Recorded information:
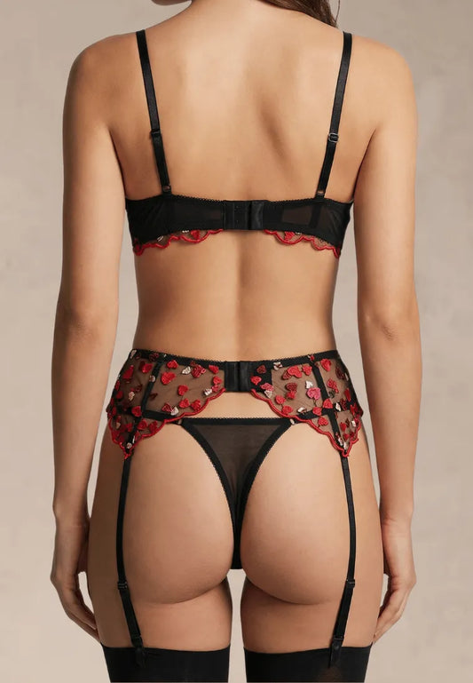 Czarno-czerwony zestaw bielizny damski haftowany w serca z pasem do pończoch
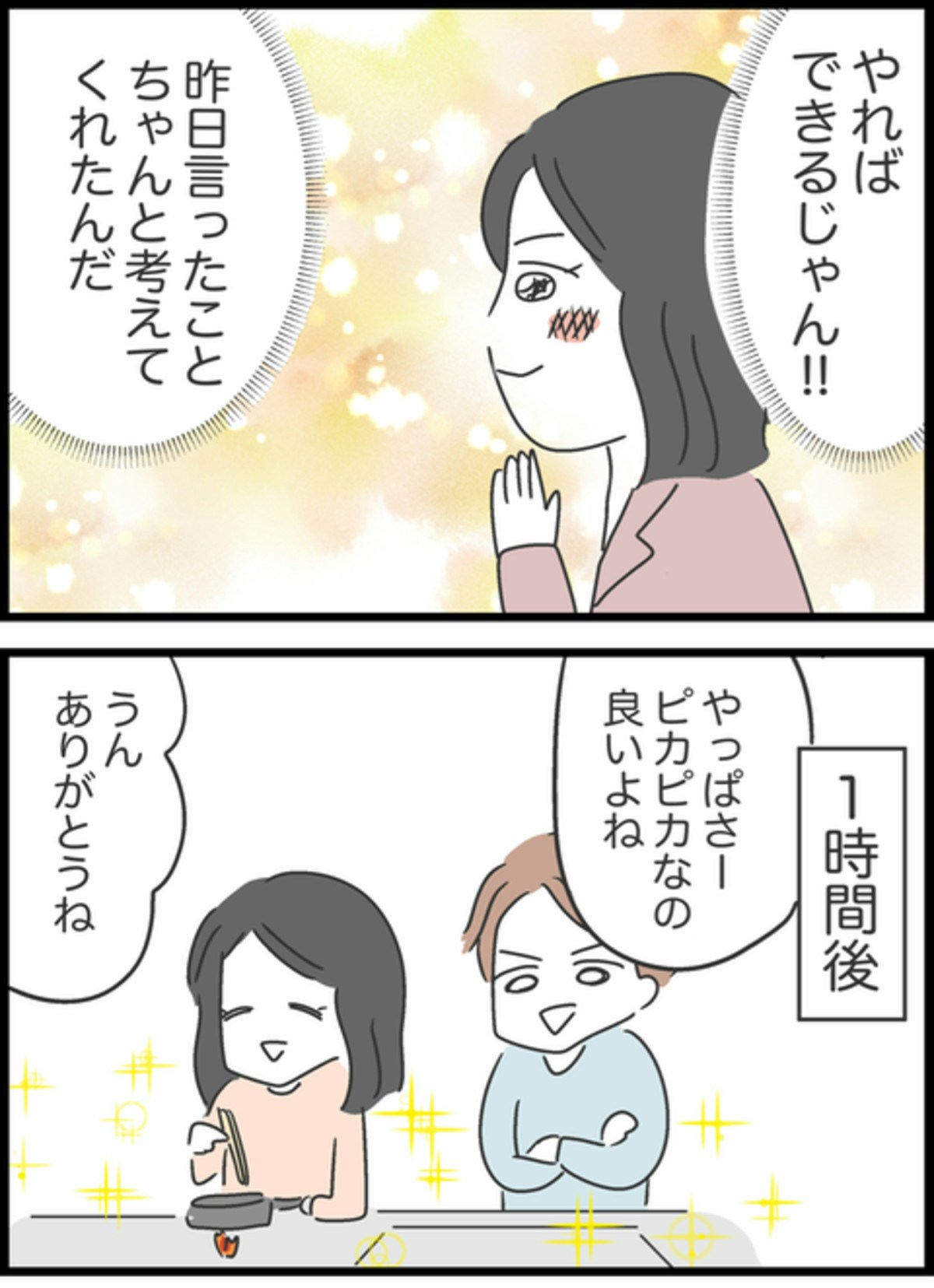 ようこが朝起きると、しょうたがキッチンに立っているではありませんか!!なんとキッチンシンクがピカピカに。全然伝わっていないとガッカリした翌日に、こんなことが起こるなんて…。このまましょうたは継続してくれるのでしょうか。
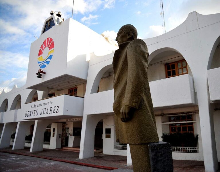 Hablemos hoy del Monumento a don Benito Juárez que engalana la entrada del Palacio Municipal de Cancún. Esta obra salió de las manos del escultor Víctor Manuel Gutiérrez Guerra. La obra está realizada en cantera labrada, tiene una altura de tres metros y fue colocada en su sitio actual en la Plaza de la Reforma en 1976.
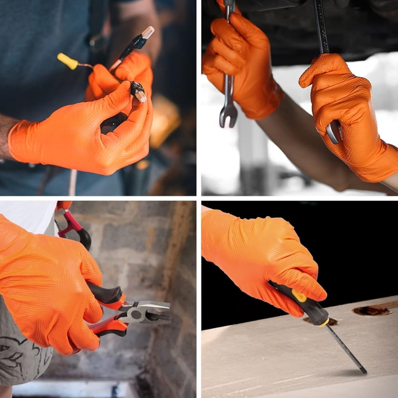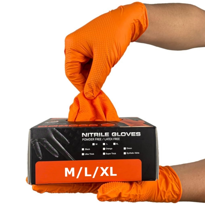8Mil Thick Orange Nitrile Gloves Disposable Heavy Duty Industrial Gloves with 3D Diamond Textured Grip Mechanic Auto Work Gloves

Work instruction:
The response must repeat all the lines above exactly and include no pictures.

Output below:
 Czarno-czerwony zestaw bielizny damski haftowany w serca z pasem do pończoch
 ようこが朝起きると、しょうたがキッチンに立っているではありませんか!!なんとキッチンシンクがピカピカに。全然伝わっていないとガッカリした翌日に、こんなことが起こるなんて…。このまましょうたは継続してくれるのでしょうか。
 Hablemos hoy del Monumento a don Benito Juárez que engalana la entrada del Palacio Municipal de Cancún. Esta obra salió de las manos del escultor Víctor Manuel Gutiérrez Guerra. La obra está realizada en cantera labrada, tiene una altura de tres metros y fue colocada en su sitio actual en la Plaza de la Reforma en 1976.
8Mil Thick Orange Nitrile Gloves Disposable Heavy Duty Industrial Gloves with 3D Diamond Textured Grip Mechanic Auto Work Gloves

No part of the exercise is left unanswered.